Oppose Obama's Immigration Plans
At his joint press conference today with Mexican president Felipe Calderon, President Barack Obama reminded listeners of his two votes for immigration measures that included amnesty – and then declared his continuing support for the so-called comprehensive approach.
These statements do seem to corroborate earlier media reports that the president does intend to make an early priority of immigration reform along the lines previously proposed by George W. Bush and John McCain. So maybe this is a good time to explain why I think Republican party modernizers should favor a more restrictive immigration policy.
1) If modernizers should agree on anything, it is the need to refocus the party on the economic concerns of the middle class. The immigration policies of the past three decades have exerted serious downward pressure on the incomes of less-skilled workers, both directly (by lowering wages) and indirectly (by pushing up regressive state and local taxes).
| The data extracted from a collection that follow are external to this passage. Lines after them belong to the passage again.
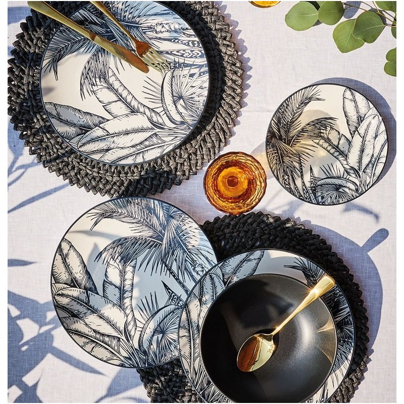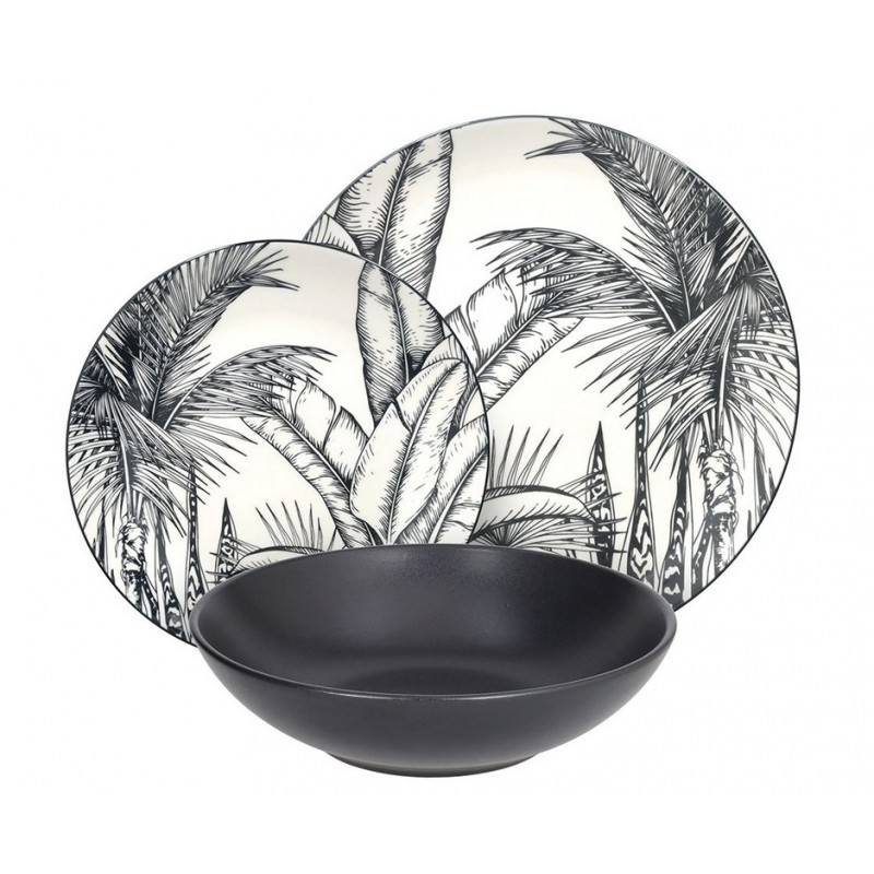 Il servizio piatti Malindi da 18 pezzi, della raffinata Linea Madison, dona un tocco esotico e contemporaneo alla tua tavola. Con un design ispirato alla natura tropicale, unisce decorazioni eleganti in bianco e nero e motivi di palme stilizzate, per un effetto sofisticato e minimalista.
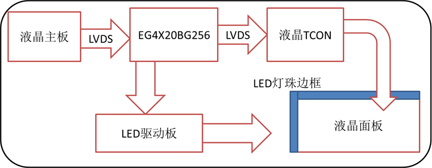 每个显示单元的系统框图如下图所示,FPGA负责接收来自主板的视频信号,然后将视频信号进行处理,分成液晶显示部分和LED显示部分,再分别输出给液晶TCON板去驱动液晶显示,和给LED驱动板去驱动LED显示。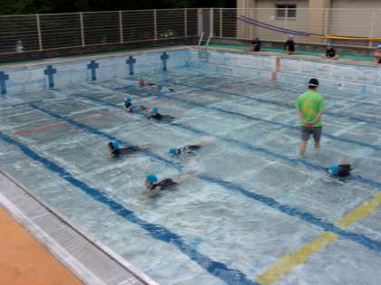 今週は低い水位で,学習の流れを確認したり,水慣れを十分にしたりします。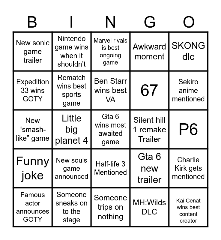 This bingo card has a free space and 24 words: New souls game announced, Someone sneaks on to the stage, Ben Starr wins best VA, Famous actor announces GOTY, SKONG dlc, New sonic game trailer, Expedition 33 wins GOTY, Nintendo game wins when it shouldn’t, Silent hill 1 remake Trailer, Half-life 3 Mentioned, 67, New “smash-like” game, Gta 6 new trailer, Charlie Kirk gets mentioned, Rematch wins best sports game, MH:Wilds DLC, P6, Marvel rivals is best ongoing game, Sekiro anime mentioned, Little big planet 4, Kai Cenat wins best content creator, Funny joke, Awkward moment and Someone trips on nothing.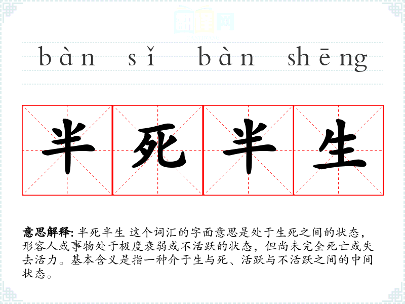 半死半生 这个词汇的字面意思是处于生死之间的状态,形容人或事物处于极度衰弱或不活跃的状态,但尚未完全死亡或失去活力。基本含义是指一种介于生与死、活跃与不活跃之间的中间状态。
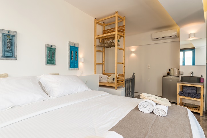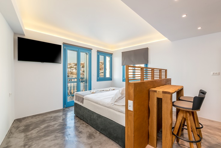 It's a brand new studio, at the center of the old city, CHORA, with an excellent view at the sea.It is located between the restaurants , cafe and the best famous clubs. So you are in the middle of everything and also five minutes walk from the Wind Miles , Little Venice and the famous old church Paraportiani.

2) Modernizers should favor more reality in Republican party policy and less fantasy and sloganeering. On the immigration issue, the weigh of evidence cuts against the Bush-McCain-Obama approach. Current policy offers almost zero net benefit to the native-born population of the United States, and more unskilled immigration would worsen the economics of immigration still further.
3) Modernizers should wish to emancipate the GOP from control by its narrow special interests. The Bush-McCain approach on immigration represented just this kind of special interest politics: it offered large benefits to a few, while spreading costs over many.
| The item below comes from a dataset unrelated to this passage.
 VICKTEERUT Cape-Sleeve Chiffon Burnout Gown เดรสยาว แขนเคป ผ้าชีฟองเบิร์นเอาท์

4) We’re allowed to care about the impact of immigration on US politics. Immigration is tilting US voting to the left and to the Democratic party. Nonleft non-Democrats are entitled to feel that this is changing the rules of the game – and since so much of the immigration is illegal, it is changing the rules by breaking the law.
5) Current immigration policies has large social effects that modernizers should find uncongenial. Those policies are transforming the US into a society that will be less skilled on average than it might have been. They are making the US a more radically unequal society, and a society that imposes more heavily on the natural environment.
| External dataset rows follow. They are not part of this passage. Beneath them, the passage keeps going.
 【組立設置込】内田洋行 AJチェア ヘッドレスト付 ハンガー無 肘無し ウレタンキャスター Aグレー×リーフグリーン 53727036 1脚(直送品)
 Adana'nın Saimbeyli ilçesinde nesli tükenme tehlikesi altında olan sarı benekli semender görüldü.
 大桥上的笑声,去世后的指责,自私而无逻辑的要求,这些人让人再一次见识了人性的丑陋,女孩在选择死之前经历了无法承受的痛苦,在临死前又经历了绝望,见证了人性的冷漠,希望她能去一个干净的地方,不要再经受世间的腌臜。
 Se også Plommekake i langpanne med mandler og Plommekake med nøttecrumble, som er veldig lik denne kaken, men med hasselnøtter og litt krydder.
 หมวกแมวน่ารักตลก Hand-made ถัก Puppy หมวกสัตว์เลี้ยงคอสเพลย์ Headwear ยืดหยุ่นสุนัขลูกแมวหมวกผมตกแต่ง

What we should learn from Bush and McCain is the need to engage Hispanic citizens in a more inviting and respectful way. We can do that without commiting ourselves to an immigration reform that is injurious to the country –and that constitutes a surprisingly low priority for Hispanic voters. (Only 31% of Hispanics identify immigration reform as a top priority, according to the Pew Hispanic Center, thus ranking immigration sixth of the policy areas offered. The environment ranked fifth.)
Tone is important, inclusion is important, finding issues that unite conservatives of all races and ethnicities is important. Republicans can do all those things without being hornswoggled into accepting supposedly comprehensive immigration policies that are bad for middle-income voters, bad for the country’s future, and bad for our hopes for fair political competition.
These statements do seem to corroborate earlier media reports that the president does intend to make an early priority of immigration reform along the lines previously proposed by George W. Bush and John McCain. So maybe this is a good time to explain why I think Republican party modernizers should favor a more restrictive immigration policy.
1) If modernizers should agree on anything, it is the need to refocus the party on the economic concerns of the middle class. The immigration policies of the past three decades have exerted serious downward pressure on the incomes of less-skilled workers, both directly (by lowering wages) and indirectly (by pushing up regressive state and local taxes).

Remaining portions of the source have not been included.